Stone was born in New York City. He is the son of Elizabeth Burkit Cox and film director Oliver Stone, and has appeared in several of his father's films. His paternal grandmother was French.

In February 2012, Stone converted to Shia Islam in an official ceremony, and adopted the Islamic first name Ali. In an interview with CNN, Stone said that he accepted Muhammad as the Seal of the Prophets.

== Views ==
===September 11 attacks===
Stone has stated in public interviews his belief that the September 11 attacks on the United States in 2001 were an "inside job," explicitly disputing the historical consensus that the attacks were executed by Islamic terrorists under the leadership of Osama bin Laden.
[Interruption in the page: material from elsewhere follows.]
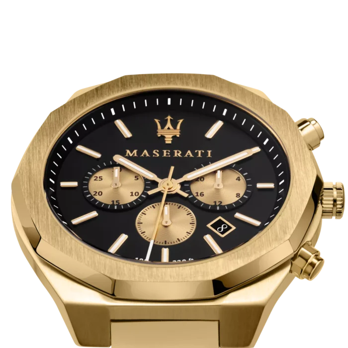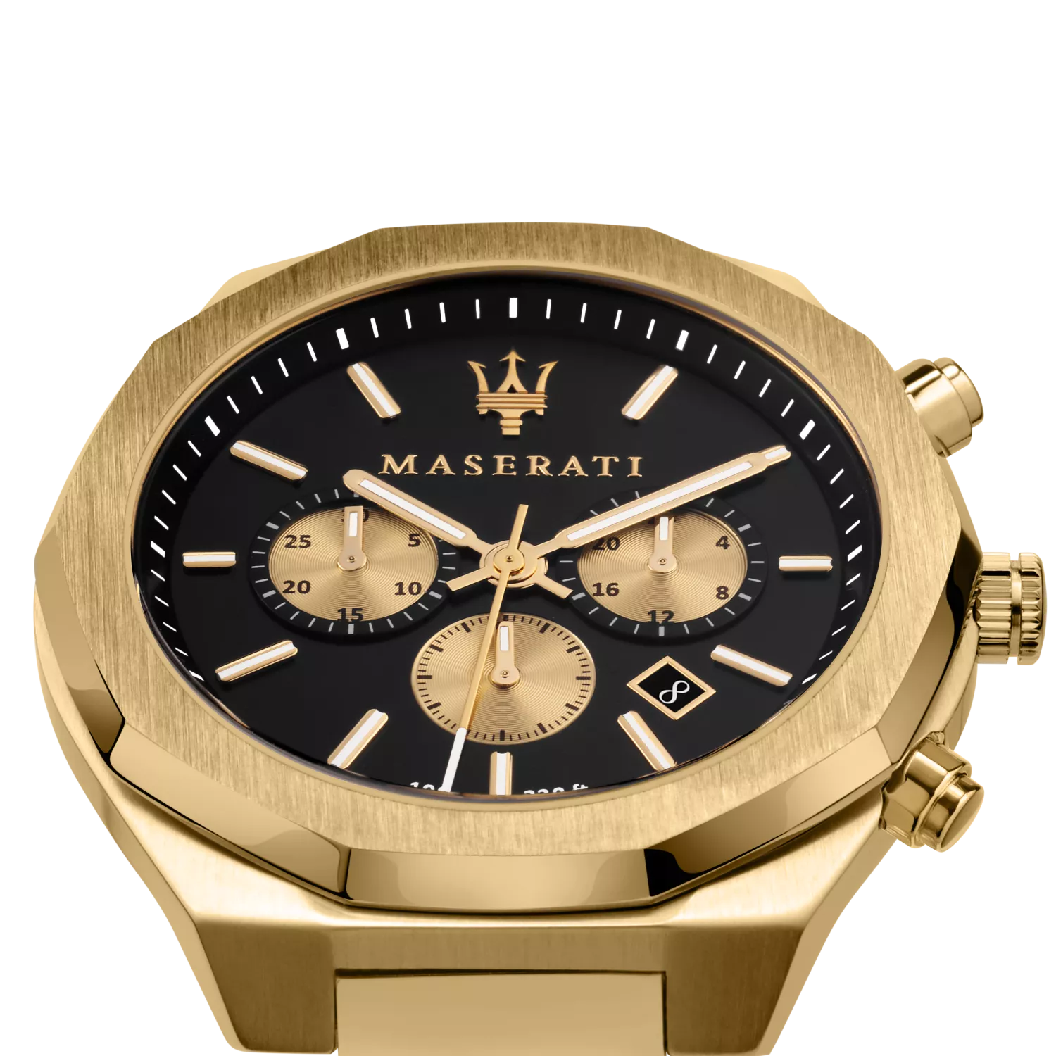 ساعة مازيراتي للرجال أصلية موديل R8873642001 Stile لون اسود و استيك معدن ستانلس ستيل لون ذهبي.

===Encounters with sorcery and the occult===
Stone has detailed personal encounters with the occult, claiming that during his 2011 initiation into Freemasonry, he became the target of localized surveillance and threatening, "demonic" phone calls from individuals practicing ritualistic sorcery.

===Defense of Iranian President Mahmoud Ahmadinejad===
Speaking to Bill O'Reilly in 2012 following his conversion to Islam in Iran, Stone defended Iranian President Mahmoud Ahmadinejad and claimed that Ahmadinejad's highly controversial rhetoric about the Holocaust and Israel had been "really misunderstood."

===Conspiracy regarding US national security===
In 2016, Stone published a book alleging a historical conspiracy to covertly subsume the US national security establishment into a broader British imperial architecture.

===Work in media for the Russian government===
Stone worked as executive producer of “Zelenskyy Unmasked” (2024), a video series by Ben Swann, a promoter of conspiracy theories, and a fellow employee of RT America, part of the RT network, a global multilingual television news network based in Moscow and funded by the Russian government. The series heavily attacked the character of Ukrainian President Volodymyr Zelenskyy, and was launched to coincide with Congressional debates regarding increased United States military assistance to Ukraine. In his last episode on RT America, Stone criticized celebrities for speaking out against Russia's invasion of Ukraine, and claimed that Oprah Winfrey had banned Tolstoy's War and Peace from her book club, and said it was wrong to characterize Russian leader Vladimir Putin as "some kind of dictator".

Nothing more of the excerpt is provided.